- Born: 17 August 1944 (age 80) Woorabinda, Queensland, Australia
- Occupation: park ranger (retired)
- Known for: helping develop the Aboriginal Seasonal Ranger Program at Carnarvon National Park
- Awards: Queensland Great (2014)

= Fred Conway (Aboriginal elder) =

Fred Conway (born 17 August 1944) is an Australian Aboriginal elder and former park ranger in Queensland.

As a Bidjara and Barada elder, Conway is best known for his advocacy for the protection of sacred Aboriginal sites and for extensive conservation work in Carnarvon National Park.

He is also credited with helping develop a program in 2005 called the Aboriginal Seasonal Ranger Program.

==Life and career==
===Early life===
Conway was born on 17 August 1944 in the Aboriginal mission of Woorabinda where he grew up. He has said when he was growing up the 1940s and 1950s, he was naive about his culture as Aboriginal people on missions were not permitted to speak about or practice their culture. However, Conway said by the time he was a teenager, the superintendent would exercise some leniency, allowing the residents to gather bush tucker on weekends and hunt food to feed the community.

He had ambitions to be a carpenter which he believed would have enabled him to build a proper home for his grandparents but an expectation existed where a son would following his father's trade. Therefore, he became a stockman like his father and worked on "Foleyvale Station", the Woorabinda Pastoral Company's cattle property situated on the Mackenzie River, north of Duaringa.

Conway said he didn't enjoy working as a stockman but it helped him develop a respect for the countryside. He worked on a cattle station near Winton before joining the Roy Bell tent boxing troupe travelling throughout Queensland and New South Wales before spending a year in the Mount Penang Boys Home before finally returning home to Woorabinda at the age of 18.

After obtaining work as a police liaison officer, Conway met an Aboriginal relics officer who asked Conway if he'd be interested in such work. Conway took up the opportunity and subsequently worked in Brisbane, Mount Isa, Rockhampton and Injune.

===Work at Carnarvon National Park===
In the late 1980s, Conway took up a job as an interpretative ranger for the Queensland Parks and Wildlife Service at the Carnarvon National Park. Throughout his time as a ranger, he advocated for the protection of cultural sites such as the rock art found throughout the park and is credited with helping visitors understand Aboriginal history and culture and the need to respect the park's rock art sites.

While working in Carnarvon, Conway helped establish the Aboriginal Seasonal Ranger Program in 2005 which was designed to enable young Aboriginal people to get back onto country and learn skills and become involved in the management of their land.

===Retirement===
Conway retired to Duaringa in April 2014 but under the Nature Conservation Act was named as an honorary protector of Carnarvon National Park.
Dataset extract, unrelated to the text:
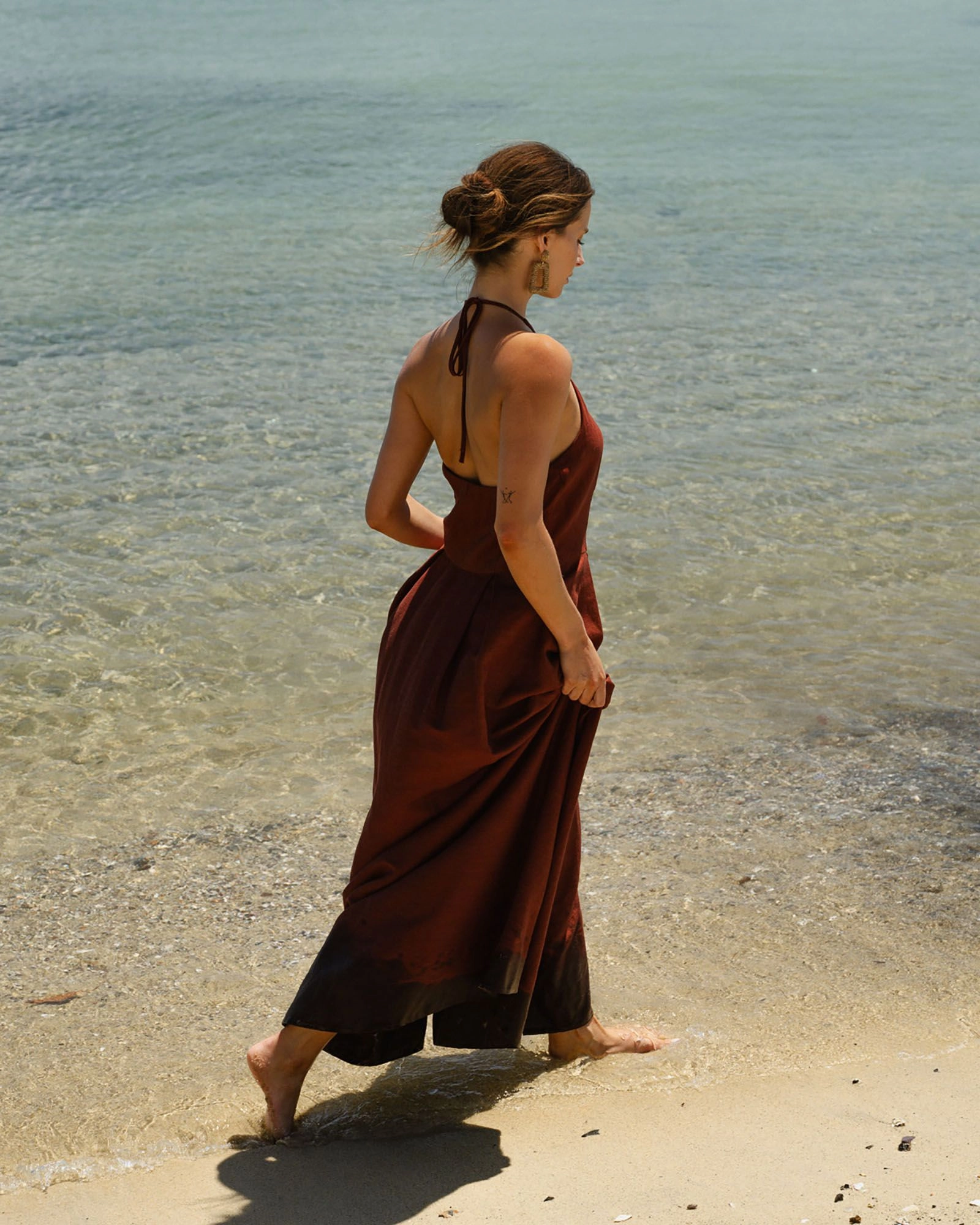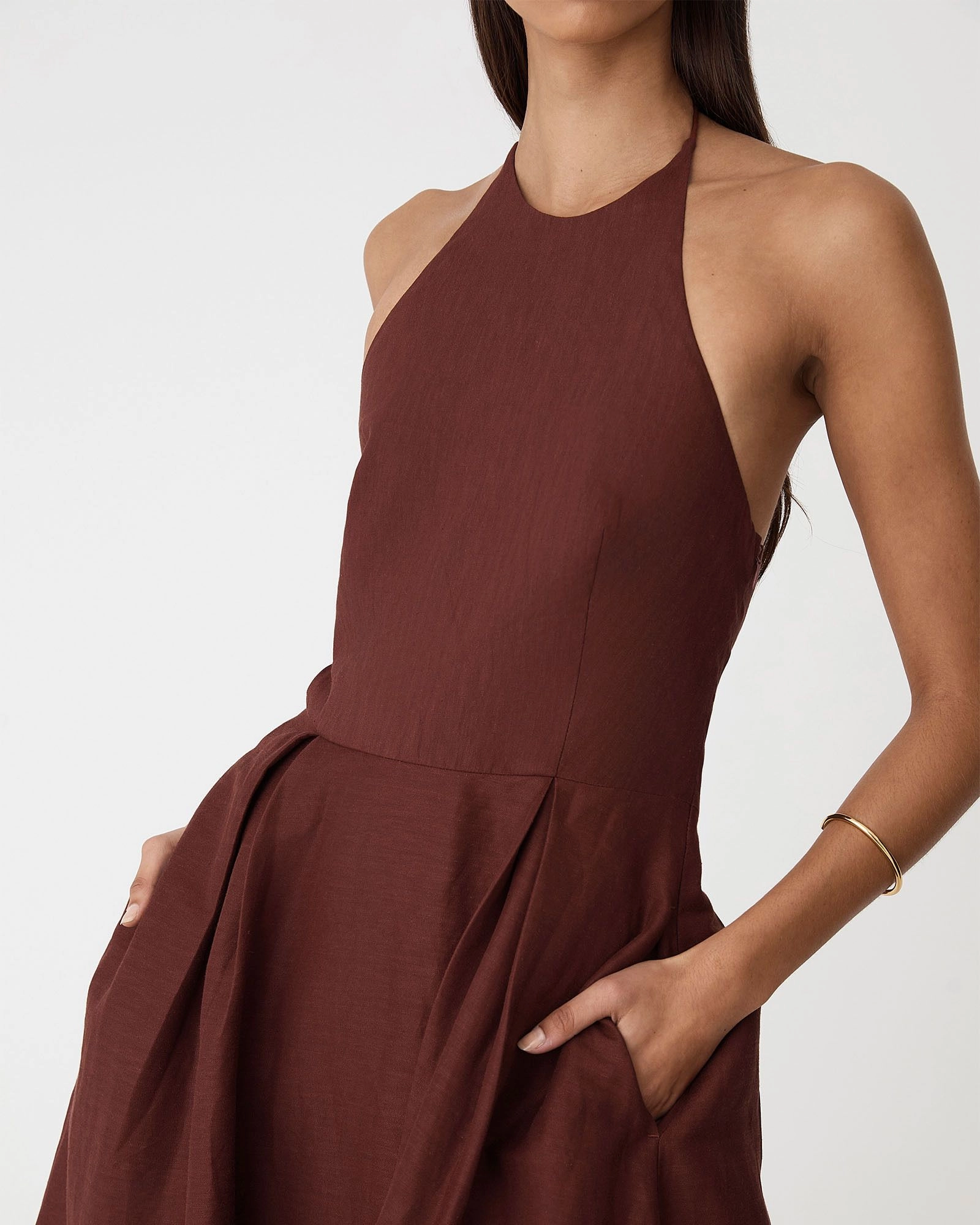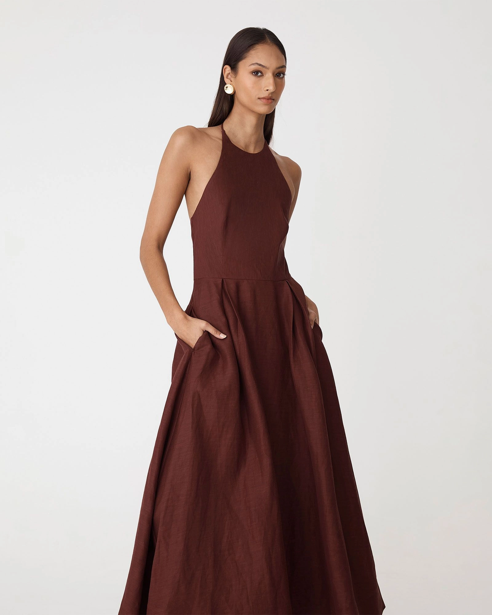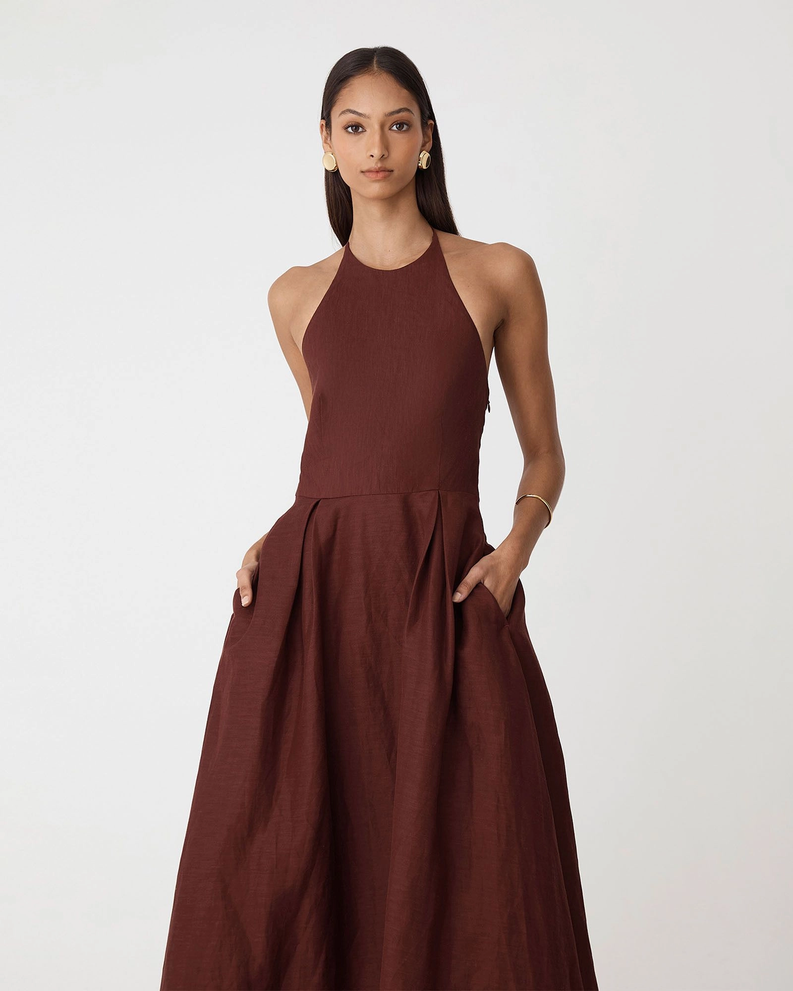 The Lennie Halter Maxi Dress is defined by a chic halter neckline framing shoulders and collarbone, flattering fitted bodice, and flowing A-line maxi skirt. Crafted from premium textured fabric with gentle pleating at the waist, it features discreet side seam pockets and a back zipper for a seamless, elegant finish.

In 2014, Conway was in discussions with Central Highlands Regional Council about launching a local initiative where he could teach tourists in Emerald about the making of traditional weapons such as nulla nullas and boomerangs while also conducting local walking tours to educate visitors about the ways of Indigenous Australians.

In 2019, he was diagnosed with head and neck cancer. He underwent surgery to remove the cancer and spent eight months in Brisbane receiving radiation treatment. However, the cancer returned in 2021.

Conway is a grandfather of more than 70 grandchildren.

==Awards==
In 2014, Conway was named as a Queensland Great.

In the 2020 Australia Day Honours, Conway was awarded a Medal of the Order of Australia in recognition of his service to conservation and the environment. He accepted his OAM at Government House in Brisbane on his final day of radiation treatment in July 2020.

After accepting the award, Conway stated: "I cried. I just didn’t think as an indigenous person born in Woorabinda – which at times has been criticised – would be in the position of getting this award. I didn’t put myself out to receive these things, I just went about my duty in life. I’m a person from the country, I love the bush. I’ve enjoyed my life. As I said to the governor-general, this goes not only just to me but also to the people of Woorabinda, not only them but Indigenous people too.”